The image is part of Anna Fox’s 1987 photo series “Work Stations,” a commissioned project meant to convey the aggressive nature of office culture in Britain at the time. Each photo depicts crowded, suited chaos, and is accompanied by a snarky -- and sometimes unsettling -- snippet showcasing the rally-cry word choice of salesmen.
A tweed-suited, literally fist-pumping man is accompanied by the text, “We’re on a pirate ship at sea!

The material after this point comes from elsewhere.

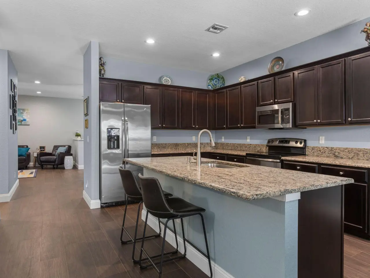 Located in the highly desirable gated community of Rialto, this beautifully upgraded 4 bedroom, 2.5 bath home offers a perfect blend of comfort, style, and functionality - all overlooking a serene water view!The backyard is a true retreat, featuring a 32 x 14 saltwater, heated pool and 7 x 8 spa with waterfall spillover, sun shelf, deck jets, deep-end bench seating, and jets on both top and bottom. Built in 2022 by CSE Paving of Florida, Inc., the pool area is finished with elegant sandblasted marble decking in a French pattern and includes Aqualink smartphone automation. Inside, youll find Level 5 Italian glazed porcelain tile flooring throughout in a 9 x 36 staggered wood plank design. The primary bathroom features European-inspired tile work, with 12 x 24 Sardinia Ivory porcelain tile and glass mosaic accents. The home layout has been thoughtfully opened up to maximize light and flow, and includes custom barn doors in both the living and laundry areas with reinforced framing. Additional features include: Granite kitchen countertops, Benjamin Moore designer paint palette, Recessed lighting throughout, Impact-rated contemporary glass front door, windows and sliders, Carrier AC (2022) with Ecobee Smart Thermostat Pro & remote sensor, Halo-LED Whole Home Air Purifier in air handler & UV light, Water heater (2024). The attached two-car garage includes an epoxy-coated floor, utility sink, refrigerator, and bolted metal shelving, plus metal staircase access to the attic for extra storage. Exterior updates include professional cleaning of the roof and paver driveway (2024), exterior Sherwin Williams painting (approx. 2021), and recently added gutters. Rialto is one of Jupiters most sought-after gated communities, known for its resort-style amenities. Residents enjoy a grand clubhouse with fitness center, tennis and basketball courts, walking trails, and a resort-style pool... just minutes from Jupiters beaches, dining, and golf. This meticulously maintained home combines lifestyle, luxury, and location - offering a rare opportunity in the heart of Jupiter.
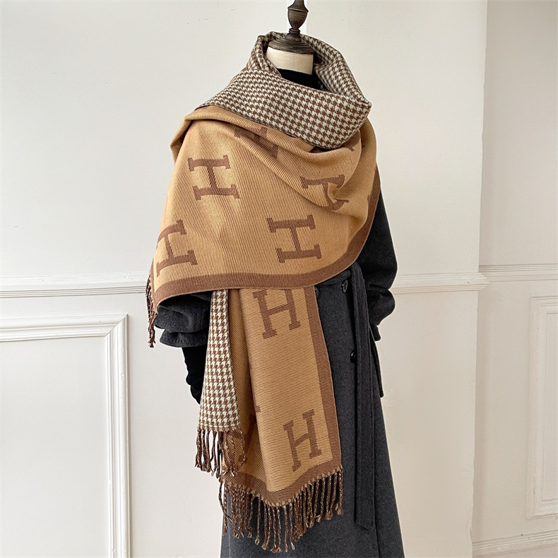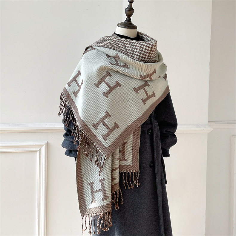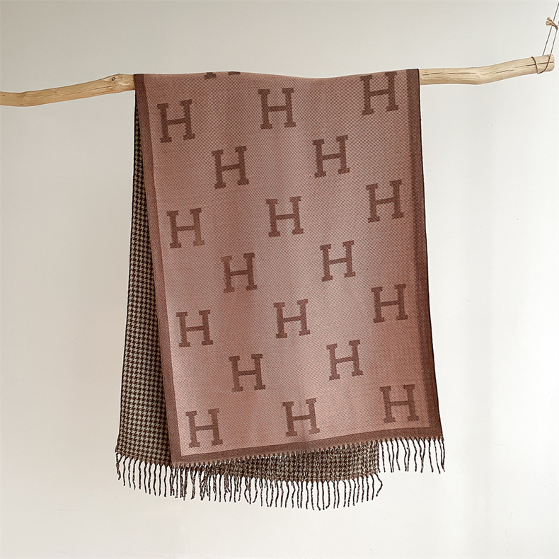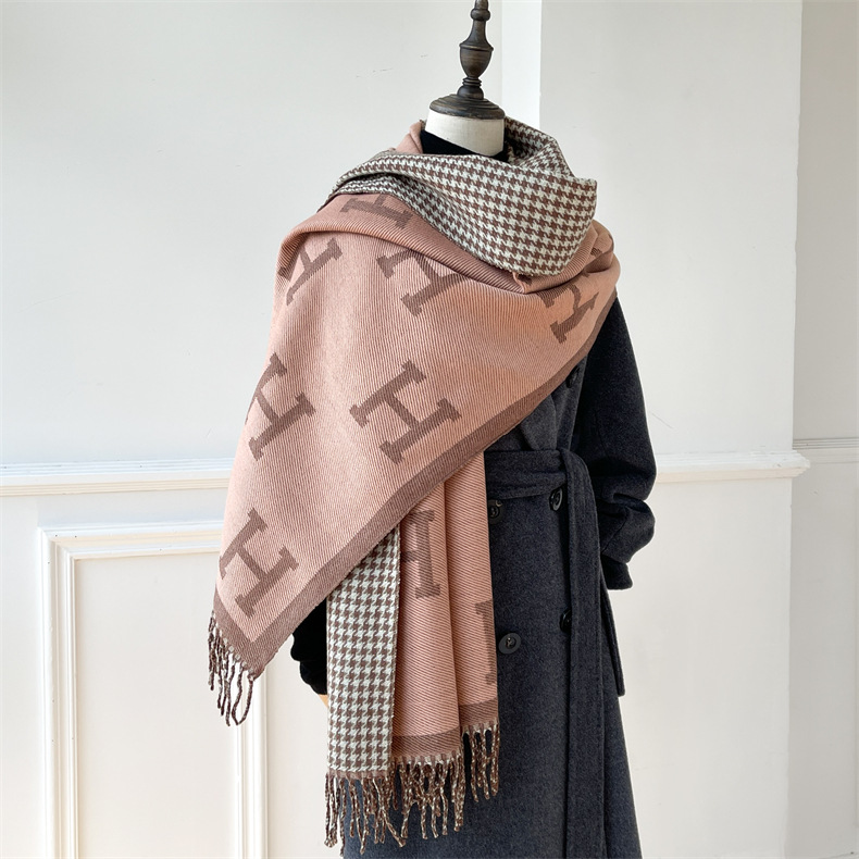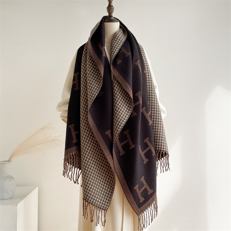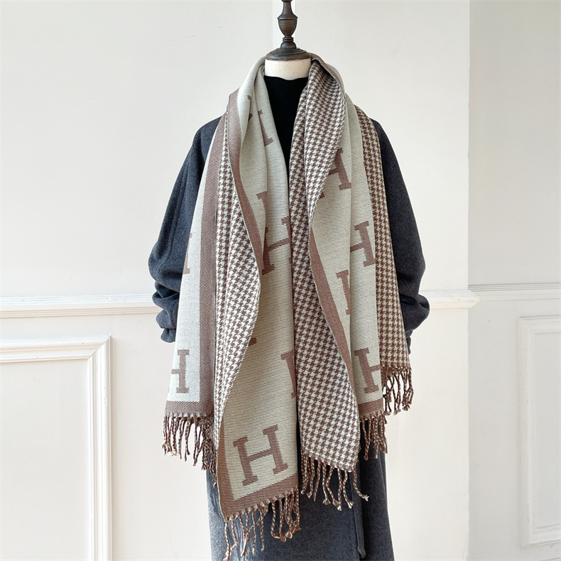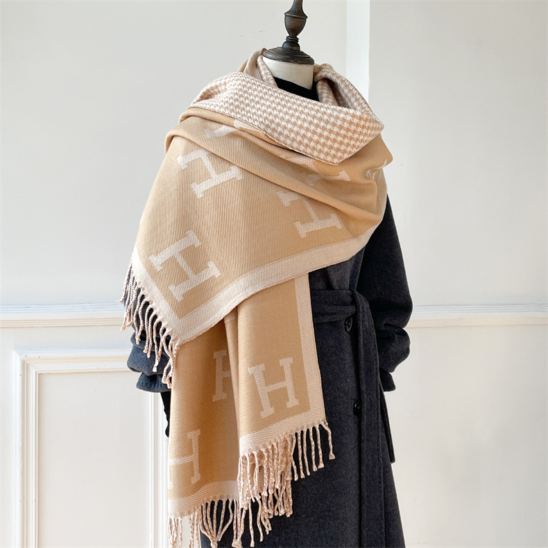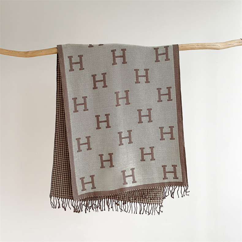 秋冬字母仿羊绒围巾女简约新款百搭加厚流苏披肩时尚保暖围脖

We’re going to go and raid all the other ships on the ocean.”
In other photos that seem plucked straight from “The Wolf of Wall Street,” a roomful of employees rejoices a recent success by jumping, smoking, playing with telephone wires and waving around what looks to be a drumstick.
“Strength, precision and stamina had kept him on top,” reads the caption for a photo of a man and a woman sharing a cluttered desk, sitting beneath a framed image of Margaret Thatcher.
“I wanted to reflect the sense of aggression, competition and greed that Thatcher’s Britain had laid the foundations for,” Fox said in an interview with The Huffington Post. “Her famous phrase was: 'There is no such thing as society, just individuals,’ and then off we all went on a mad pursuit to gain money for ourselves and buy things we just couldn’t afford and forget about the communities that surrounded us and that we grew up in.”
Fox shot office life in wide format, using a strong and apparent flash, and from low angles so that her subjects towered over her, occupying most of the frame. The desired effect: to highlight the intense, masculine environment most workspaces were at the time. The women in her images are either portrayed as playing second fiddle as secretaries or as striving to match their male counterparts.
Though the series confronts serious themes, Fox manages to employ a sense of humor with many of the photos. In one, a man stuffs his face with meat and ketchup on a quick lunch break. In another, a woman stands solemnly in a doorway, a mannequin's high-socked leg hung next to her.
“Humor is a great tool for engaging a viewer,” Fox said. “It works in most mediums but in photography it has a particular power because of the reality factor that photography has; its indexical relationship to the world means that we read it more factually rather than as fiction.”
And, although she currently works wherever she’s taking photos, Fox is optimistic that workplaces have improved since the '80s, with movements against screen saturation gaining traction.
“I mean there were conferences about the hazards of working too long in front of screens and bullying was also quite nasty in some places,” Fox said. “These things must have changed a bit.”
Still, she thinks revisiting contemporary office spaces would be a fun and worthy update on the project.